Emigration and Empire: The Life of Maria S. Rye by Marion Diamond

Maria S. Rye, a woman motivated by both feminist and philanthropic ideals, devoted her life to the migration of women and girls out of England. This biography gives an account of Rye’s activities from her early engagement with liberal feminism through her association with the “Langham Place group” in the 1850s, her work as a journalist and with the Society for Promoting Women’s Employment, through to her efforts in women’s and children’s emigration Between 1861 and 1896, Maria S. Rye sent many hundreds of single women out to Australia, New Zealand and South Africa, and more than four thousand children to Canada, all with the promise of a better life in the British colonies than they could expect at home in England. www.amazon.ca

Empty Cradles by Margaret Humphreys

In 1986 Margaret Humphreys, a Nottingham social worker, investigated a woman’s claim that, aged four, she had been put on a boat to Australia by the British government. At first incredulous, Margaret discovered that this was just the tip of an enormous iceberg. Up to 150,000 children, some as young as three years old, had been deported from children’s homes in Britain and shipped off to a ‘new life’ in distant parts of the Empire, right up until as recently as 1970. Many were told that their parents were dead, and parents were told that their children had been adopted. In fact, for many children it was to be a life of horrendous physical and sexual abuse far away from everything they knew. Margaret and her team reunited thousands of families before it was too late, brought authorities to account, and worldwide attention to an outrageous miscarriage of justice.
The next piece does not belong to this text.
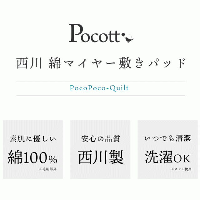 敷きパッド ダブル 綿100% ※2枚組※ ポコット Pocott 西川 パフタッチ 140×205cm 毛羽部分綿100% 綿マイヤー 敷き毛布

Fegan -The J. W. C. Fegan British Home Children Newsletter Collection 1877 and 1920 By W.Y. Fullerton, D.D.

The J. W. C. Fegan British Home Children Collection DVD

This collection includes digitized copies of ALL surviving Fegan Homes newsletters that were published between 1877 and 1920. More than 1532 searchable pages in total. The newsletters include much information about specific home children during their time in Fegan’s care and after they became “old boys” as well as lots of pictures of individuals and groups. This collection is essential to everyone with an interest in the Fegan Homes in particular or the British Home Children movement in general. The narratives also shine a light on the human cost of the industrial revolution and J.W.C. Fegan’s efforts to deal with its side effects. Similarly, this is a fine reference for those who seek insights into conditions and norms in rural and urban Canada that encouraged importation of indentured children during this time period. ISBN 978-1-926797-76-2(CD Edition)http://globalgenealogy.com/ Global Heritage Press

The life of James William Condell Fegan is presented by W. Y. Fullerton.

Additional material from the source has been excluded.